At the time of Ulysses’ publication, the Hicklin test, from the English court case of Regina v. Hicklin 3 L.R. – Q.B 360 (1868) was used by the U.S. courts as the legal definition of obscenity. The Hicklin test was “…whether the tendency of the matter charged as obscenity is to deprave and corrupt those minds who are open to such immoral influences, and into whose hands a publication of this sort may fall.” Bennet Cerf, the founder of the American publishing firm Random House, wanted to publish Ulysses in the United States. He worked with Random House legal counsel and co-founder Morris Ernst to orchestrate the seizure of one copy of Joyce’s Ulysses by U.S. customs, sent to Cerf from Paris in May 1932. Ernst believed that the only way to defend Ulysses was to “…convince the government to declare the Ulysses a modern classic” (Birmingham, p. 297); there is an exemption for classics in the Tariff Act of 1930 (19 USCA § 1305). Cerf arranged to have literary reviews pasted inside the front cover of the book that the customs officer seized.

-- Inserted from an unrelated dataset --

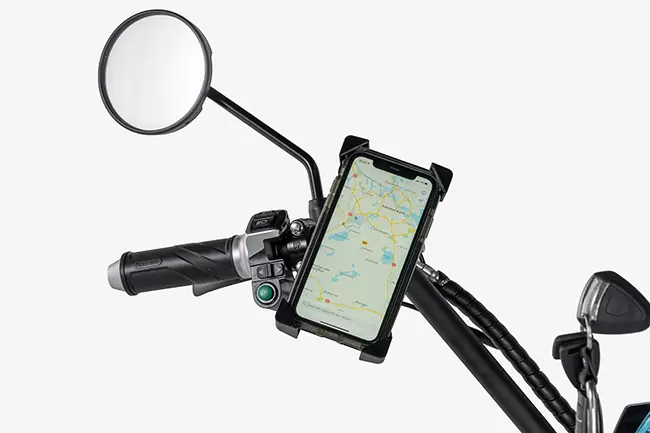 Sie sind mit Ihrem E-Roller unterwegs? Dann befestigen Sie einfach ein beliebiges Smartphone an der Smartphone-Halterung. Ideal, um Ihre Routen-App zu lesen oder Musik zu hören. Und machen Sie sich keine Sorgen, dass Ihr Handy-Akku leer wird, denn Ihr E-Roller lädt ihn einfach auf, während Sie fahren. Praktisch, nicht wahr?
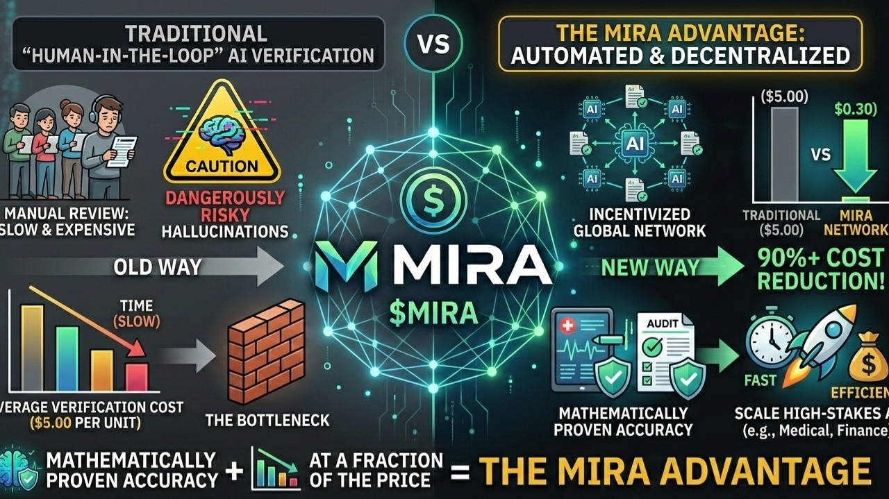 Traditional AI verification is the ultimate bottleneck—it’s either painfully slow due to manual human review or dangerously risky due to model hallucinations. Mira Network shatters this paradigm with an automated, decentralized verification layer that’s already saving developers over 90% in operational costs. 🚀

Woolsey’s decision in United States v. One Book Called “Ulysses,” determined that Ulysses could be admitted into the United States. In his remarks, Woolsey noted that “…in Ulysses, in spite of its unusual frankness, I do not detect anywhere the leer of the sensualist” (Moscato and LeBlanc, 310). Further, “‘[Joyce] has honestly attempted to tell fully what his characters think about’, no matter the consequences. Some of those thoughts were sexual, but, he pointed out, ‘it must always be remembered that his locale was Celtic and his season spring.’” (Birmingham, p. 309) Woolsey wrote, “In many places … it seems to me to be disgusting,” but nothing, he added, had been included in it as “dirt for dirt sake.” He noted that Joyce’s stream of consciousness literary technique required him to reflect the thoughts of his characters, even if the characters were people a reader might not want to meet. “But when a real artist in words, such as Joyce undoubtedly is, seeks to draw a true picture of the lower middle class in a European city, ought it to be impossible for the American public legally to see that picture?” (Moscato and LeBlanc, 311).
While other major works of literature also created tests to the legal application of the definition of obscenity—Lady Chatterley’s Lover, Fanny Hill, An American Tragedy—Joyce’s Ulysses and Woolsey’s decision changed the future of publishing in the United States. The decision of the American courts to allow publication of the work also set a precedent for other countries to allow Ulysses to be distributed, although that took more time—Britain did not end its ban on Ulysses until 1936; Ireland never banned it, but it never sold there until decades after its release either. Once reviled and burned in both the United States and Great Britain, Ulysses is now a universal cultural artifact. Bloomsday is celebrated all over the world, and Ulysses is, as Joyce predicted, keeping professors busy arguing over what he meant for a century and counting."